Exercise material —
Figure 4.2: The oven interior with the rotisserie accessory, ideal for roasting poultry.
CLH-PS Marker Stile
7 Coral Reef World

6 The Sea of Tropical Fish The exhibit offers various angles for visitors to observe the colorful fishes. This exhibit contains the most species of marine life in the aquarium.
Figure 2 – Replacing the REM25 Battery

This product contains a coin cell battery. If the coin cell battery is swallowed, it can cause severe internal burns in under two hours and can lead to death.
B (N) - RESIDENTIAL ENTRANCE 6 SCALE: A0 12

* * *

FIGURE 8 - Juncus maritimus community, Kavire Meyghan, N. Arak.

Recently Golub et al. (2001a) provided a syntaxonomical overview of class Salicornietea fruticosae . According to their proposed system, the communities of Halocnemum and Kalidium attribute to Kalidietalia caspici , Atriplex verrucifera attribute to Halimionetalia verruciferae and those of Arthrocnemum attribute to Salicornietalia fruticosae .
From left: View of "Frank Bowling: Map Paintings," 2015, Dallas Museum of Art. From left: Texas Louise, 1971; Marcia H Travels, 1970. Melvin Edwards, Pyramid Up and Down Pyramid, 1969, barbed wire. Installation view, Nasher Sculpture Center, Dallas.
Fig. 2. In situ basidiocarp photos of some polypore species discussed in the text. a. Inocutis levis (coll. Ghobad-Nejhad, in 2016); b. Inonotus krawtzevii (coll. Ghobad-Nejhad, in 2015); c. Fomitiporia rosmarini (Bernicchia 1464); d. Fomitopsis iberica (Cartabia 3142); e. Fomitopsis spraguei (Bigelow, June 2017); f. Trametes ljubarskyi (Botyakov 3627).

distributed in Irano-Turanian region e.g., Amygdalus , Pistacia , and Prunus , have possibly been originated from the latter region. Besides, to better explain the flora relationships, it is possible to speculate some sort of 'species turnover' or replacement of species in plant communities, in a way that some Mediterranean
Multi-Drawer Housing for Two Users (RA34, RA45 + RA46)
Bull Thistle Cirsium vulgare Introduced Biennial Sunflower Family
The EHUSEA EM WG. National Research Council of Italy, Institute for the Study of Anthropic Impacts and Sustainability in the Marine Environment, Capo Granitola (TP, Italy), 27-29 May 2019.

--

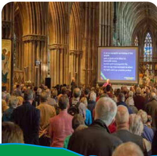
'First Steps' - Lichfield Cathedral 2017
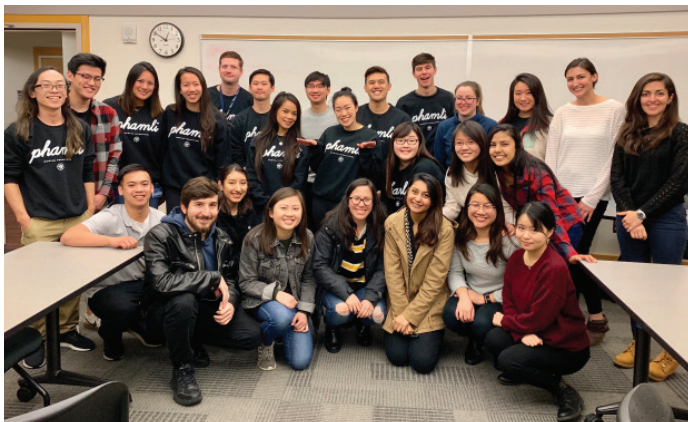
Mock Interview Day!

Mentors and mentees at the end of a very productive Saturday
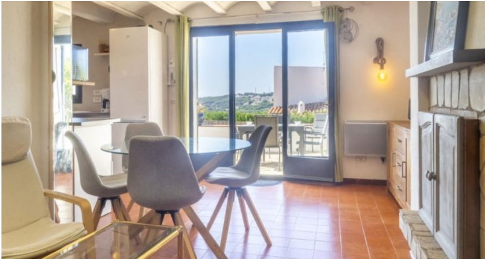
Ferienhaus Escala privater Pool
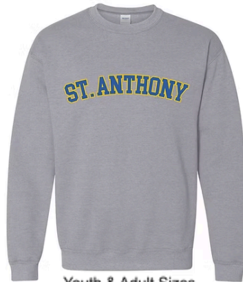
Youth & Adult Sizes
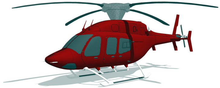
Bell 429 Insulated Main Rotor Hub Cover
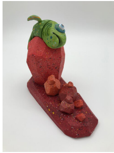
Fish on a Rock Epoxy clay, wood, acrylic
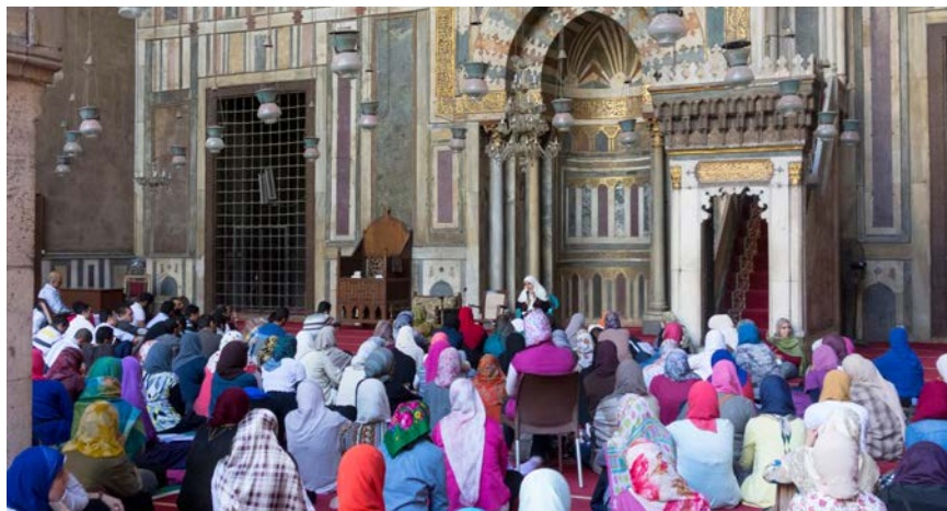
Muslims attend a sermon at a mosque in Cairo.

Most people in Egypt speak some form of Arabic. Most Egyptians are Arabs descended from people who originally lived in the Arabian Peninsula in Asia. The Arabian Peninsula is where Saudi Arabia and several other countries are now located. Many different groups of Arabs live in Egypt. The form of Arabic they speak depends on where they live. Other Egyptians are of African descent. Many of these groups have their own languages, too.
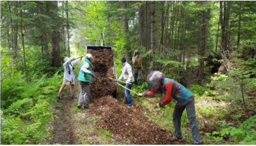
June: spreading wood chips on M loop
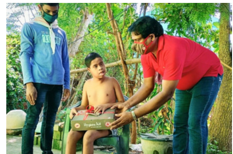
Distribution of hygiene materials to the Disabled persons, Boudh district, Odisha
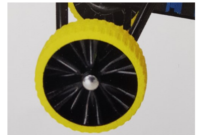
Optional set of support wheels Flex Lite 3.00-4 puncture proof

Exercise details — Find each line above with the string "June", then report how many there are. Write only the number.

Written answer — 2